Connecting the features extracted in the step 3) in the step 4):

inputting dynamic images of four projection sequences of the depth video of each behavior sample into a feature extraction module to obtain features, and inputting a full connection layer 3 with an activation function of softmax; all connecting layers 3Output Q₃The calculation method of (c) is as follows:

express features

Connected as a vector, θ₃Is the offset vector for fully connected layer 3.

Step 5) constructing a four-flow human behavior recognition network:

as shown in FIG. 3, the input of the network is the dynamic image of the front, right, left, and top projection sequence of the depth video of the behavior samples, and the output is the probability that the corresponding behavior sample belongs to each behavior class, i.e. the output Q of the full link layer 3₃(ii) a The loss function L of the network is:

wherein G is the total training sample number, K is the behavior sample class number,

wherein l_gIs the tag value of the g-th sample.

And 6) calculating dynamic images of the front, right side, left side and top projection sequences of the depth video of each training behavior sample, inputting the dynamic images into a four-stream human behavior recognition network, and training the network until convergence.

And 7) calculating dynamic images of the front, right side, left side and top projection sequences of the depth video of each test behavior sample, inputting the dynamic images into a trained four-stream behavior recognition network, obtaining the probability values of all the behavior classes to which the current test behavior video sample is predicted, wherein the behavior class with the maximum probability value is the behavior class to which the current test behavior video sample is finally predicted, and therefore behavior recognition is achieved.

Example (b):

as shown in the figures 4-5 of the drawings,

1) the collective number of samples of behavior samples is 2400, and there are 8 behavior classes, and each behavior class has 300 samples. Randomly selecting two thirds of samples in each behavior category to be divided into a training set, and dividing the remaining one third of samples into a testing set to obtain 1600 training samples and 800 testing samples.

Each behavior sample consists of all frames in the sample depth video. Take the depth video V of any behavior sample as an example:

V＝{I_t|t∈[1,50]}，

where t represents the time index, the behavior sample has a total of 50 frames. I is_t∈^240×240The line sample is a matrix representation of the t frame depth image of the depth video V, and the number of rows and columns of the frame depth image is 240. The representation matrix is a real matrix.

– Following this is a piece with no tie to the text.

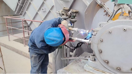 隨著一聲清脆的哨響,檢修工作正式拉開帷幕。焊工老李戴著防護(hù)面罩,手持焊槍,在水泥磨的縫隙間穿梭;」忾W爍,焊花飛濺,如同一朵朵金色的煙花在黑暗中綻放,他全神貫注地修補(bǔ)著磨體上的裂痕,每一個焊點都凝結(jié)著他的精湛技藝;鉗工師傅們則圍著球磨機(jī),像一群經(jīng)驗豐富的“外科醫(yī)生”,小心翼翼地拆卸下磨損的部件。扳手與螺栓碰撞發(fā)出的叮當(dāng)聲,與拆卸設(shè)備時的摩擦聲交織在一起,奏響了一曲獨(dú)特的工業(yè)樂章。

I is_t(x_i,y_i)＝d_iThe coordinate on the depth image of the t-th frame is (x)_i,y_i) Point p of_iOf depth, i.e. point p_iDistance from the depth camera.

V＝{V_front,V_right,V_left,V_top}，

wherein, V_frontProjection sequence obtained by front projection of a depth video V representing a behavior sample, V_rightA projection sequence obtained by right side projection of a depth video V representing a behavior sample, V_leftA projection sequence obtained by left side projection of a depth video V representing a behavior sample, V_topA sequence of projections of the depth video V representing the behavior sample onto the top surface.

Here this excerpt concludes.